* **DIRECTIONS**:
Beginning with the line containing "Bariano Lange Jurk" and ending with the line containing "When a video", write out each line of the records below exactly; pictures and lines outside that range are left out.

Data extracted from a collection:
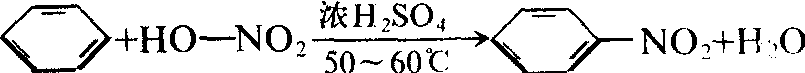 | 释义 | 苯的硝化反应实验ben de xiaohua fanying shiyan苯与浓硝酸在浓硫酸的催化作用下可发生取代反应,生成硝基苯,称为苯的硝化反应:
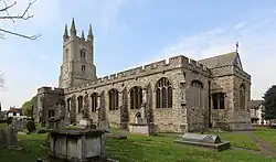 On 31 May 1940, six cockle fishing boats: the Endeavour, Letitia, Defender, Reliance, Renown and the Resolute were joined by the Southend lifeboat Greater London at the pier on their way to assist at the Dunkirk evacuation.[80][81] The town itself was first hit by German bombing in May 1940, when the Nore Yacht club was hit while 10 soldiers were killed near the airport.[82] Southend High School for Boys was hit in a raid in June 1940.[82] By June 1940, much of the town was sealed off, with all bar 10% of the population that were engaged in essential services, evacuated and only military personnel remaining.[83] A cordon of 20 miles (32 km) was set up, with the town being designated part of the coastal defence area, but with the risk of invasion dropping, in 1941 it was reduced to 10 miles (16 km).[79][84] By 28 October 1940, RAF Rochford had been renamed RAF Southend, no longer being a satellite of Hornchurch, although they still had Fighter Control at the base. A day later 264 Squadron arrived for night fighter duties equipped with the Boulton Paul Defiant.[85] In the same month, a bombing raid damaged houses in the Fleetwood Avenue in Westcliff.[82] During 1941, Prime Minister Winston Churchill visited Shoebury Garrison twice for weapon demonstrations, with the Experimental Establishment carrying out numerous trials of weird and wonderful weapons.[86] An air raid in February 1941 destroyed the London Hotel in the High Street,[87] while the foreshore was often used by German bomber aircraft as a dumping ground for their bomb loads during the war if their primary target was not possible to hit.[88]
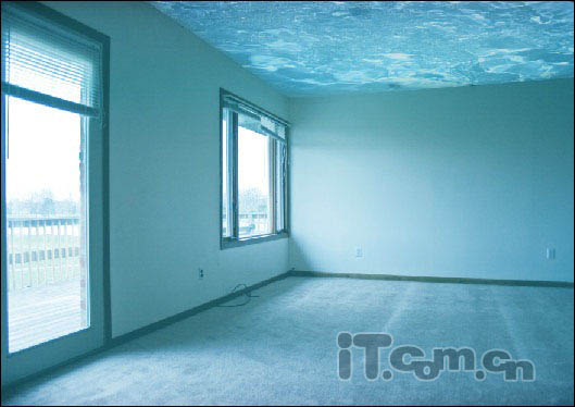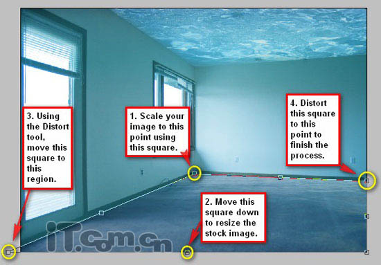 11、参考天花板的制作方法,使用扭曲命令调整海洋素材与地板重合,如图所示。
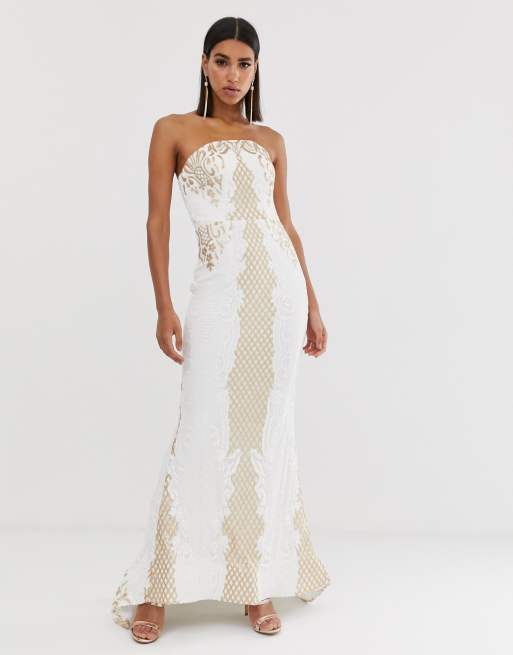 Bariano Lange Jurk Met Lovertjes En Sleep In Wit En Goud Asos
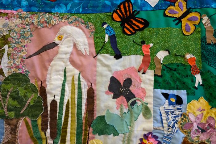 The East Gloucester neighborhood quilt is so beautiful it will tug at your heart strings, especially if it is your neighborhood, as it is ours. So sweetly capturing the spirit of our neighborhood, the quilt is simply a masterpiece of fun and whimsy. Monday’s unveiling at the Rose Baker center was attended by the quilters, friends, and family and we all just reveled in the beauty of the piece. JUNI VAN DYKE, YOU ARE A GIFT TO THIS COMMUNITY!
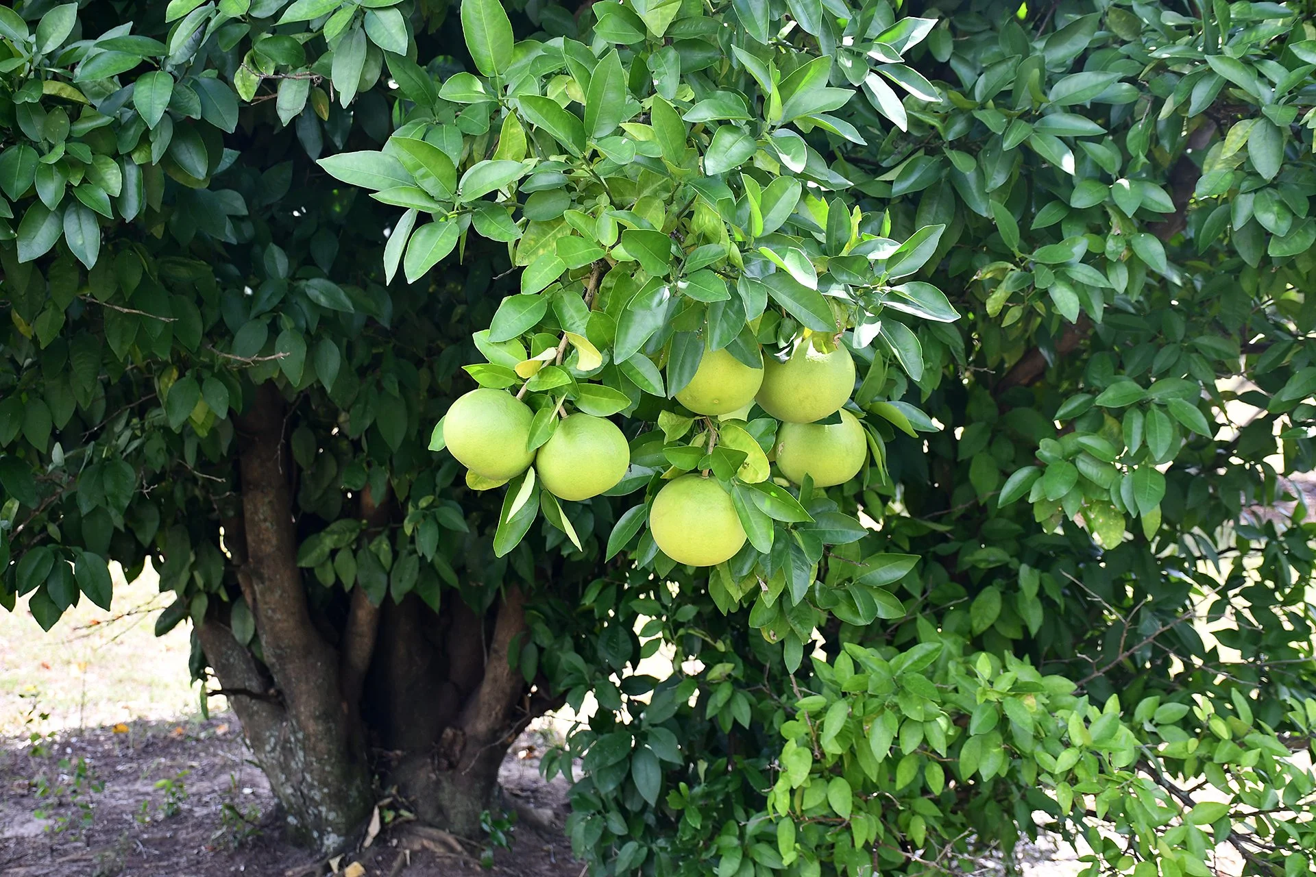 A branch sags with grapefruit on Bessie William’s largest tree in Baker County. The fruit won’t be ripe until October but already boasts a large size. Neighbors, friends and other customers call the Williamses’ grapefruit “the sweetest they’ve ever had.” Photo by Lucille Lannigan / Albany Herald
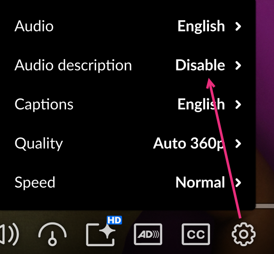 When a video includes a standard audio description track, it’s automatically available in the player.
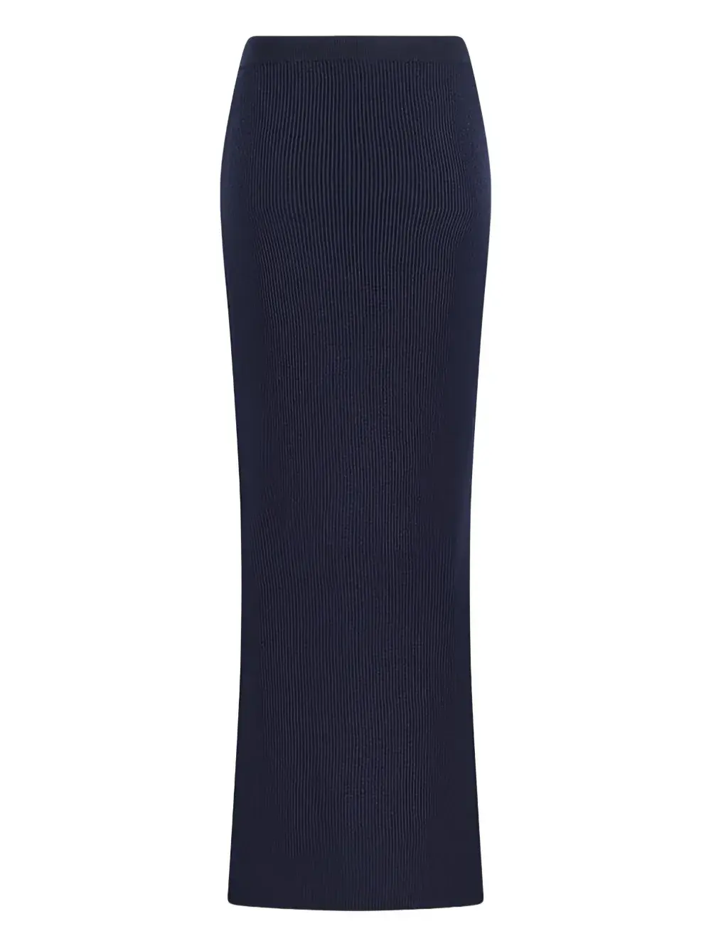 Темно-синяя ребристая фактура, длина миди, прямой подол, эластичный пояс

* **EXPECTED ANSWER**:
 Bariano Lange Jurk Met Lovertjes En Sleep In Wit En Goud Asos
 The East Gloucester neighborhood quilt is so beautiful it will tug at your heart strings, especially if it is your neighborhood, as it is ours. So sweetly capturing the spirit of our neighborhood, the quilt is simply a masterpiece of fun and whimsy. Monday’s unveiling at the Rose Baker center was attended by the quilters, friends, and family and we all just reveled in the beauty of the piece. JUNI VAN DYKE, YOU ARE A GIFT TO THIS COMMUNITY!
 A branch sags with grapefruit on Bessie William’s largest tree in Baker County. The fruit won’t be ripe until October but already boasts a large size. Neighbors, friends and other customers call the Williamses’ grapefruit “the sweetest they’ve ever had.” Photo by Lucille Lannigan / Albany Herald
 When a video includes a standard audio description track, it’s automatically available in the player.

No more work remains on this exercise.